Because hate is legislated written into the primer and the testament shot into
our blood and brain like vaccine or vitamins because our day is of time, of
hours and the clock-hand turns, closes the circle upon us and black timeless
night sucks us in like quicksand, receives us totally without a raincheck or
a parachute, a key to heaven or the last long look
I need love more than ever now...I need your love.
I need love more than hope or money, wisdom or a drink.

Because slow negative death withers the world - and only yes can turn the tide,
because love has your face and body...and your hands are tender and your
mouth is sweet - and God has made no other eyes like yours.

Entry May 4

You rise out of sleep like a growing thing rises out of the garden soil.
Two leaves part to be your mouth, two tender seedleaves, and your eyes
are wonderfully starlike, your eyes are luminous and soft as the
velvet of pansies. Darling, good morning.
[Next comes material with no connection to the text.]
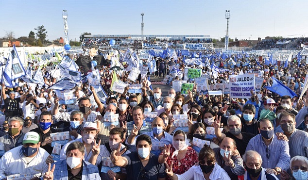 Osvaldo Jaldo, Juan Antonio Ruiz Olivares, Gladys Medina, Graciela Gutiérrez, Patricia Lizarraga, Maia Martínez, Nancy Bulacio precandidatos de Todos por Tucumán, realizaron el mayor acto de cierre de campaña en la provincia. Los acompañaron Darío Monteros y Aldo Salomón, intendentes de Banda del Río Salí y Alderetes, junto a los concejales de esos municipios, de los que participaron Regino Amado, Gonzalo Monteros, Daniel Herrera, Tulio Caponio, Javier Morof, Roberto Palina, Dante Loza, Daniel Deiana, concejales de Simoca, Graneros, Bella Vista; dirigentes de toda la Sección electoral Este, Madres de Plaza de Mayo, César Torrea secretario del sindicato de Camioneros, Alejandro Casares secretario adjunto de SUTERH, Daniel Bustos presidente de Atlético Concepción, referentes gremiales y sindicales, dirigentes de toda la capital y de toda la provincia.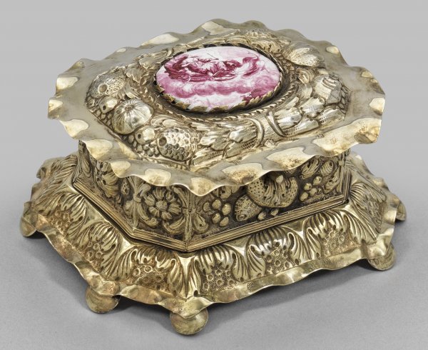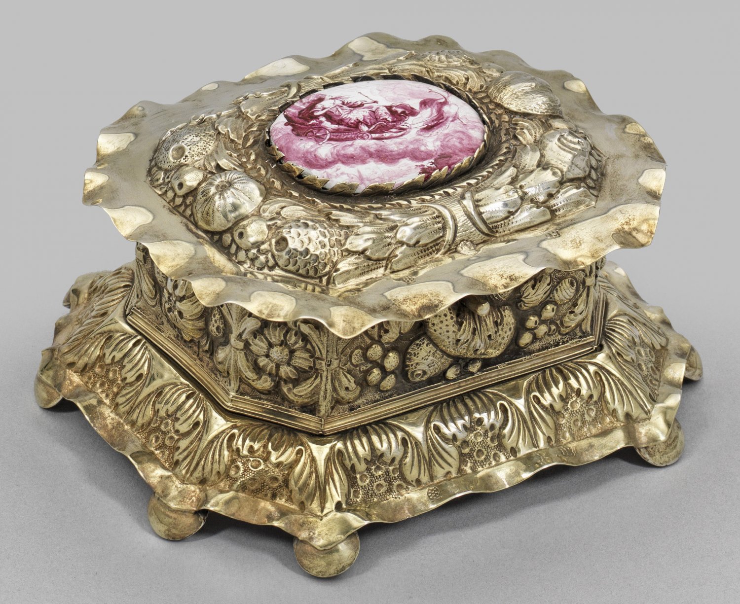 Kleine Barockschatulle Silber, vollvergoldet. Über acht ellipsenförmigen, schräggestellten Füßen ein weit ausgestellter, wellenförmig gebogter Sockel mit punziertem und getriebenem Blattfries. Darüber ein achtkantiger, am Rand profilierter Korpus mit reliefplastisch gearbeitetem, üppigem Früchte-, Blüten- und Volutendekor. Ein weit überstehender, gewölbter und scharnierter Deckel mit glattem, wellenförmigem Rand. Mittig auf dem Deckel ein von Blättern eingefasstes Emailmedaillon, umgeben von einem reliefplastisch gestalteten Kranz aus Blattranken und Früchten. Auf dem Medaillon, in feiner, purpurfarbener Emailmalerei vor weißem Hintergrund die Darstellung der römischen Göttin Juno über den Wolken, in einem von Pfauen gezogenen Muschelwagen sitzend. Gest., Tremolierstrich, Stadtmarke, Meister Johann Haltenwanger (wird Meister 1684). Gew. ca. 225 g. H. 7 cm. 13,5 cm x 11,5 cm.

Our arms are empty of each other for a moment only. How beautifully you
turn, your mouth tilts to let my kisses in. Lie still we shall be longer.

We need so little room, we two...thus on a single pillow -as we move nearer,
nearer heaven - until I burst inside you like a screaming rocket.
Then we are quietly apart...returning to this earth.

Entry May 11

Some see you in similies: Helen's rich curves, colors autumn has.
You please them as an opium dream pleases, or you smile like
the sun is rising - or you walk proudly like a woman courted.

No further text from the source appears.